Kang Byung Jun, Park Kang Ryoung
Department of Computer Science, Sangmyung University, Seoul 110-743, Korea.
IEEE Trans Syst Man Cybern B Cybern. 2007 Dec;37(6):1555-66. doi: 10.1109/tsmcb.2007.907042.
In the field of biometrics, it has been reported that iris recognition techniques have shown high levels of accuracy because unique patterns of the human iris, which has very many degrees of freedom, are used. However, because conventional iris cameras have small depth-of-field (DOF) areas, input iris images can easily be blurred, which can lead to lower recognition performance, since iris patterns are transformed by the blurring caused by optical defocusing. To overcome these problems, an autofocusing camera can be used. However, this inevitably increases the cost, size, and complexity of the system. Therefore, we propose a new real-time iris image-restoration method, which can increase the camera's DOF without requiring any additional hardware. This paper presents five novelties as compared to previous works: 1) by excluding eyelash and eyelid regions, it is possible to obtain more accurate focus scores from input iris images; 2) the parameter of the point spread function (PSF) can be estimated in terms of camera optics and measured focus scores; therefore, parameter estimation is more accurate than it has been in previous research; 3) because the PSF parameter can be obtained by using a predetermined equation, iris image restoration can be done in real-time; 4) by using a constrained least square (CLS) restoration filter that considers noise, performance can be greatly enhanced; and 5) restoration accuracy can also be enhanced by estimating the weight value of the noise-regularization term of the CLS filter according to the amount of image blurring. Experimental results showed that iris recognition errors when using the proposed restoration method were greatly reduced as compared to those results achieved without restoration or those achieved using previous iris-restoration methods.

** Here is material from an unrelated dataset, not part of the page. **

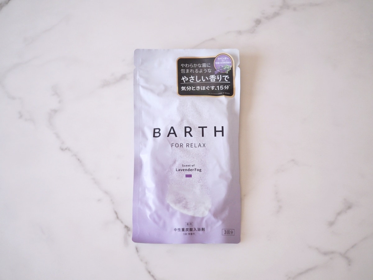 入浴中のお供は、温浴効果により血行を促進するBARTHの「薬用BARTH中性重炭酸入浴剤RELAX LavenderFog」。ラベンダーのやさしい香りに包まれながら五感に意識を傾けて、体の芯まで温まったと感じたら浴室を後にします。

在生物识别领域,据报道,虹膜识别技术已显示出很高的准确率,因为它利用了人类虹膜具有非常多自由度的独特模式。然而,由于传统的虹膜相机景深(DOF)区域较小,输入的虹膜图像很容易模糊,这可能导致识别性能下降,因为虹膜模式会因光学散焦引起的模糊而发生变化。为了克服这些问题,可以使用自动对焦相机。然而,这不可避免地会增加系统的成本、尺寸和复杂性。因此,我们提出了一种新的实时虹膜图像恢复方法,该方法可以增加相机的景深,而无需任何额外的硬件。与以前的工作相比,本文提出了五个新颖之处:1)通过排除睫毛和眼睑区域,可以从输入的虹膜图像中获得更准确的对焦分数;2)可以根据相机光学原理和测量的对焦分数来估计点扩散函数(PSF)的参数;因此,参数估计比以前的研究更准确;3)由于可以通过使用预定方程获得PSF参数,因此可以实时进行虹膜图像恢复;4)通过使用考虑噪声的约束最小二乘(CLS)恢复滤波器,可以大大提高性能;5)还可以根据图像模糊量估计CLS滤波器的噪声正则化项的权重值,从而提高恢复精度。实验结果表明,与未进行恢复或使用以前的虹膜恢复方法所获得的结果相比,使用所提出的恢复方法时虹膜识别错误大大减少。